Note: This bug is displayed in read-only format because the product is no longer active in Red Hat Bugzilla.

Bug 510611

Summary:

qdisk does not autoboot/self-fence system if write errors take longer than interval*tko

Product:

[Retired] Red Hat Cluster Suite

Reporter:

Eduardo Damato <edamato>

Component:

cman

Assignee:

Lon Hohberger <lhh>

Status:

CLOSED ERRATA

QA Contact:

Cluster QE <mspqa-list>

Severity:

high

Docs Contact:

Priority:

high

Version:

CC:

cfeist, cluster-maint, djansa, fnadge, iannis, jwest, tao

Target Milestone:

---

Target Release:

---

Hardware:

All

OS:

Linux

Whiteboard:

Fixed In Version:

cman-1.0.28-1.el4

Doc Type:

Bug Fix

Doc Text:

Previously, the disk-based quorum daemon (qdisk) could under circumstances become suspended on input/output to shared storage.
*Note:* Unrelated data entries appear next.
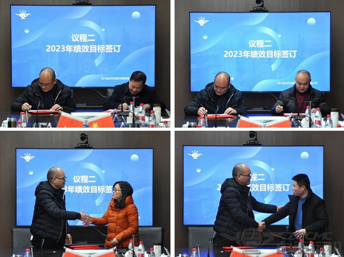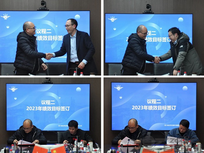 述职评议后,总经理吴正华与各部门高层签订了2023年绩效目标。
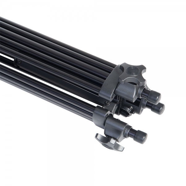 3-секционные телескопические алюминиевые ноги обеспечивают устойчивость и прочность. Верхняя секция из сдвоенных трубок препятствует скручиванию треноги. Металлические винтовые зажимы надежно и быстро фиксируют секции.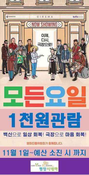 이번 사업은 문화체육관광부와 영화진흥위원회가 함께하는 2021년 전국 영화관 입장료 할인권 사업으로, 영화관 관객은 요일에 상관없이 1천원으로 영화를 볼 수 있다.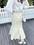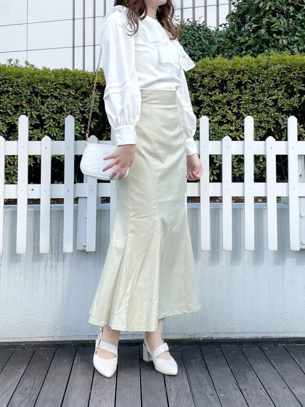 お花見にもピッタリな爽やかブラウスコーデ♡【トップス】襟元のレースがポイントのブラウス♡お袖の部分は少しふわっとしているので、女の子らしい雰囲気で着て頂けます❤︎なんと襟は取り外し可能なので、シンプルに着たい時には外しても◎【スカート】毎日店頭でも大人気の、美シルエットスカート♡淡いグリーンのカラーなので履くだけで春らしい印象に♪腰回りのラインも拾いにくいので、履いて頂きやすいです❤︎【パンプス】ポインテッドトゥなので女性らしさを演出してくれるパンプス♪私は足のサイズが23.5cm-24cmで、Lサイズを購入しました♡踵の部分にクッションが入っておりとっても歩きやすいので、毎年色違いで購入してしまうほどお気に入りです❤︎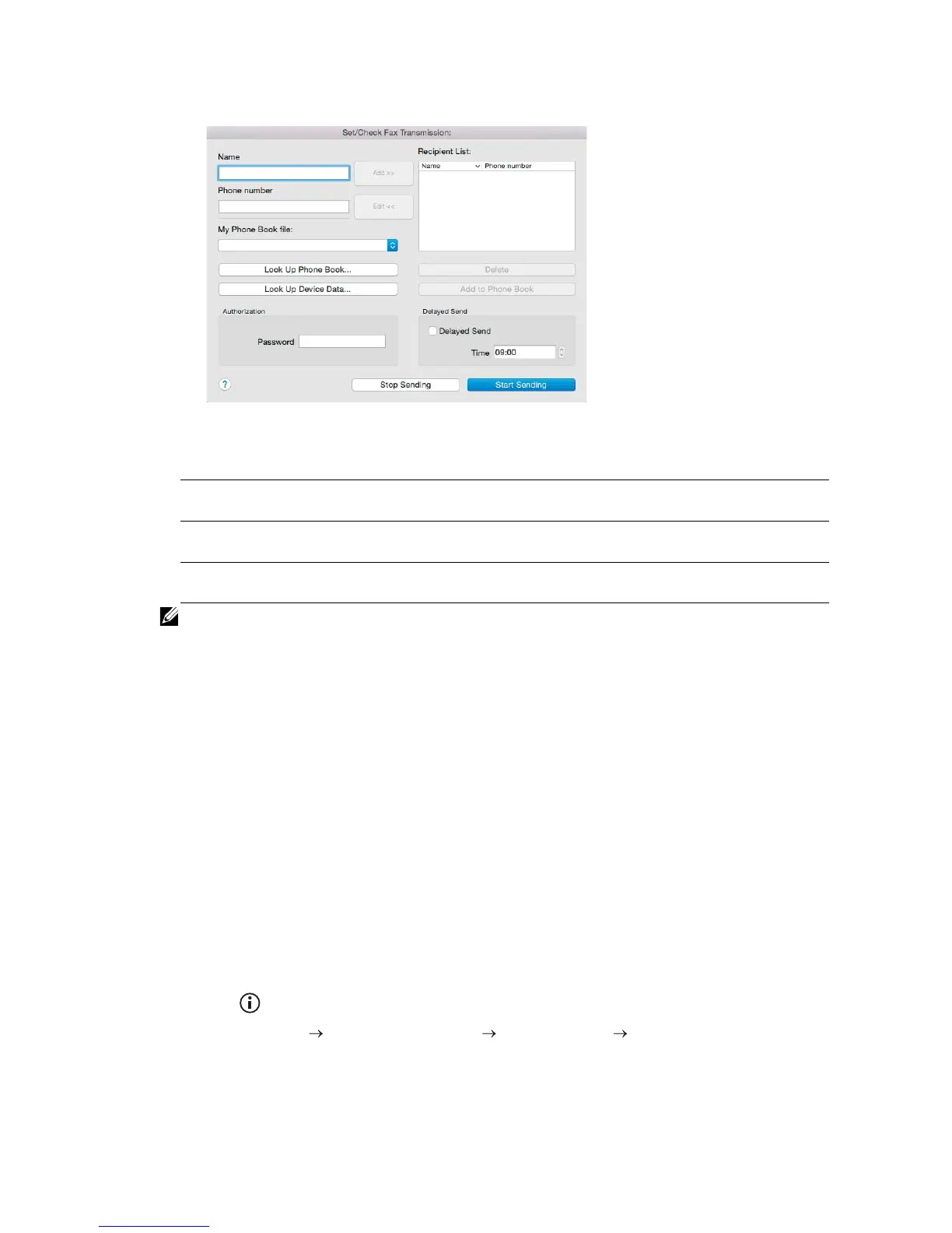 Look Up Device Data Select from a list of fax numbers saved in the phone book on the

With this update, qdisk correctly self-fences if write errors take longer than the technical knockout (tko) interval times.

Story Points:

---

Clone Of:

Clones:

511113 (view as bug list)

Environment:

Last Closed:

2011-02-16 16:21:44 UTC

Type:

---

Regression:

---

Mount Type:

---

Documentation:

---

CRM:

Verified Versions:

Category:

---

oVirt Team:

---

RHEL 7.3 requirements from Atomic Host:

Cloudforms Team:

---

Target Upstream Version:

Embargoed:

Bug Depends On:

Bug Blocks:

511113

Attachments:

Description	Flags
patch implementing io_timeout for qdisk	none

Description Eduardo Damato 2009-07-09 21:13:16 UTC

Description of problem:

Qdiskd on RHEL4 does not check if IO has failed for interval*tko seconds, relying only on cman kill to evict a node. If the quorum disk is unavailable for all nodes there is no way of acting, and when the disk comes back (let's say due to mpath flapping or unavailability) one of the nodes will be fenced due to cman kill.

How reproducible:

every time.

Steps to Reproduce:

1- Have a cluster of 2 nodes on rhel4 with quorum disk having one vote per machine and 1 vote for quorum disk.

2- unplug the FC cables for both machines, notice that FC link goes down.

3- wait for qdisk interval*tko to elapse.

4- notice that no action takes place and no machines are fenced or rebooted.

5- plug back the FC cable of one of the machines.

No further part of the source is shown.